Издалека капсула Хиршфельда выглядела тёмно-зеркальным шаром, поперечником не менее километра. Она не светилась сама, но была ясно очерчена светом далёкого Солнца и густых звёзд. Звёздные рои отражались в выпуклом зеркале, вдруг искажаясь рябью… Я ощущал (или знал, что в динамике одно и то же), что передо мной твердыня, которую тщетно было бы штурмовать любыми военными орудиями прошлого; мини-мироздание, абсолютно замкнутое подобие большого Космоса; круглая крепость, где и пространство, и время, и законы природы преображены так, как это требуется владельцу для его опытов, не ограниченных ни сроками, ни расходом энергии. Но вот я мысленно позвал Хиршфельда — и оказался внутри его скорлупы. Через пустоту, вымороженную лютым холодом, продутую лучевым ветром, несущим тучи заряженных частиц, сквозь потоки бешено мчащихся метеоров я вмиг перенёсся в эту гостиную. Можно было снова сгустить тело…
Четверо сидели за прозрачным столом, накрытым для чая. Виола и сам хозяин ничуть не удивились моему явлению «из ничего», Макс лишь небрежно покивал. Зато мой выход в духе сказочных витаклей о волшебниках изрядно ошарашил двоих немолодых мужчин. Один из них нервно уронил сигару, другой вжался в кресло, топорща неопрятную лохматую бороду.
Неведомо почему, эти двое, несмотря на свою глубоко архаичную внешность и костюмы, мало напоминали ряженых. Была в них какая-то будничная, припылённая достоверность. Бородач, щуплый, взъерошенный горбоносый южанин в грубом коричнево-сером балахоне без рукавов, с чашей в руке, с необычайно ясным и колючим взглядом, напоминал перепуганного ворона. Мужчина, уронивший сигару, был, напротив, похож на стареющего ленивого бульдога, одетого викторианским джентльменом: добротный чёрный сюртук, серый жилет, стоячий ворот сорочки стянут шёлковым галстуком с алмазом в булавке. Лысина у него лоснилась, глаза были красны из-за полопавшихся сосудиков.
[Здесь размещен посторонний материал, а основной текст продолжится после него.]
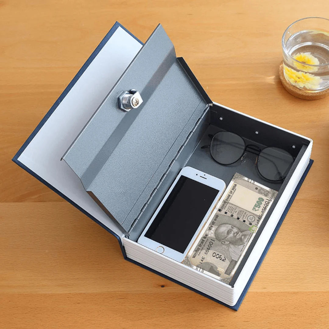خزنة معدنية على شكل كتاب لحفظ الأشياء الثمينة

Раскланявшись, я подошёл к столу. Виола любезно представила меня Максу, бледно-смуглому красавцу брюнету с синими невинными глазами донжуана, седеющими висками и ровно подстриженными усиками. Мы встряхнули друг другу руки. Затем долго, с широкой неискренней улыбкой, мял мою пятерню в своей подушке-лапе курильщик сигар, лондонский домовладелец и литератор-любитель Алфред Доули, умерший в 1912 году. Наконец, выйдя из ступора, приветствовал меня поднятием руки бородач, древний эллин Левкий, сын Эвбула. Судя по осторожной характеристике Виолы, а больше по красочному образу, посланному ею прямо в мой мозг, Левкий был бродячий философ-киник, нищий мудрец, вечно задиравший тогдашних мещан, — в общем, собрат Диогена.
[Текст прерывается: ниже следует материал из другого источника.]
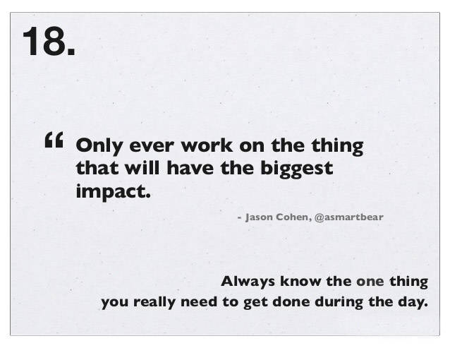 “Only ever work on the thing that will have the biggest impact” 只去做那件有着最大影响的事情。—— Jason Cohen

Двое из шестерых… Я ко многому привык за несколько дней пребывания в мире ХXXV столетия, но эта сцена невольно напомнила мне эпизод из книги Свифта, где герой в доме волшебника-некроманта встречается с духами великих умерших. Подобно Гулливеру, и я ощутил дрожь, ползучий морозец испуга, — но не потому, что на этих двоих, греке и англичанине, лежала печать потустороннего мира. Напротив! Даже Виола и особенно Макс, несколько чрезмерно красивые, холёные, уравновешенные, были мистичнее, дальше от облика нормальных людей. Но эта скучная подлинность Доули, с его перхотью, одышкой и пористым носом, или Левкия, пахнущего козлом, луком и винным перегаром, — именно эта заурядность принудила меня вполне поверить, что передо мной не актёры в историческом витакле, а живые люди с именами и биографиями, извлечённые из пропасти времён в пятнадцать и в сорок веков!
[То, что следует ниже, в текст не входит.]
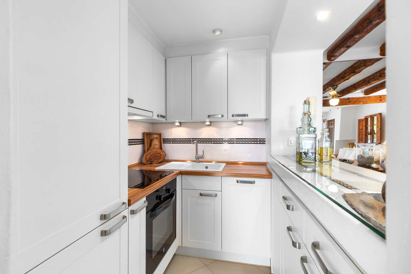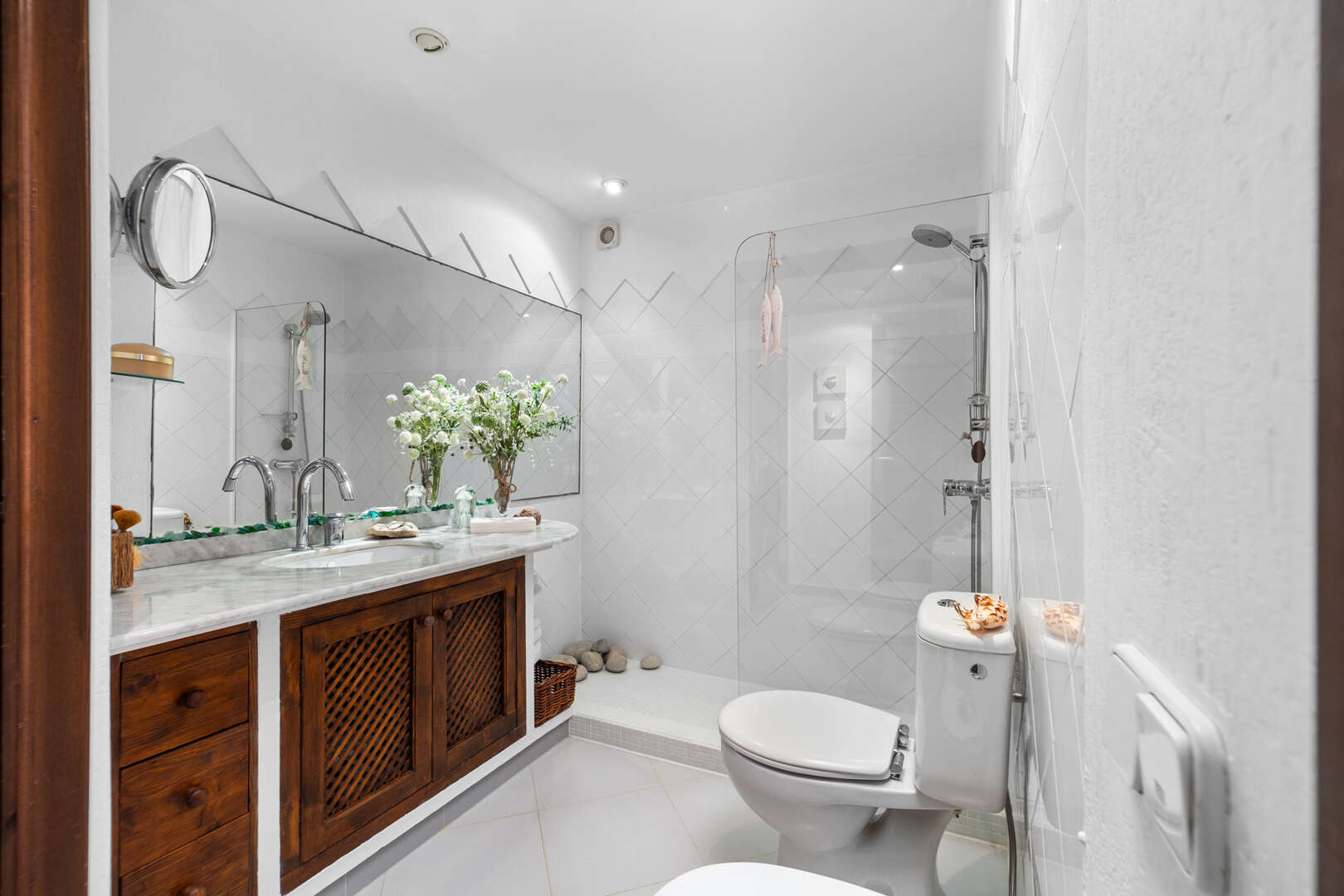 The apartment has a spacious bedroom and offers a pleasant living atmosphere thanks to its well thought-out room layout. A particular highlight is the direct access to the garden, which creates a seamless connection between the indoor and outdoor areas. The covered terrace invites you to relax and enjoy the mild Mallorcan evenings, while the spacious patio offers additional space for outdoor activities.

Левкий ещё какое-то время косился на меня, — увы, не эллина и, судя по одежде, не приверженца кинической простоты. Но всё же мой приход увеличил столь желанную для него аудиторию; и вот, одним чёрно-огненным глазом проверяя, внимательно ли я слушаю, протянув вперёд ладонь и чуть согнув пальцы, грек продекламировал:
Душу ж назад возвратить невозможно; души не стяжаешь,
Вновь не уловишь её, как однажды из уст улетела…
Видимо, строки Гомера служили продолжением некоего спора, начатого до моего прихода.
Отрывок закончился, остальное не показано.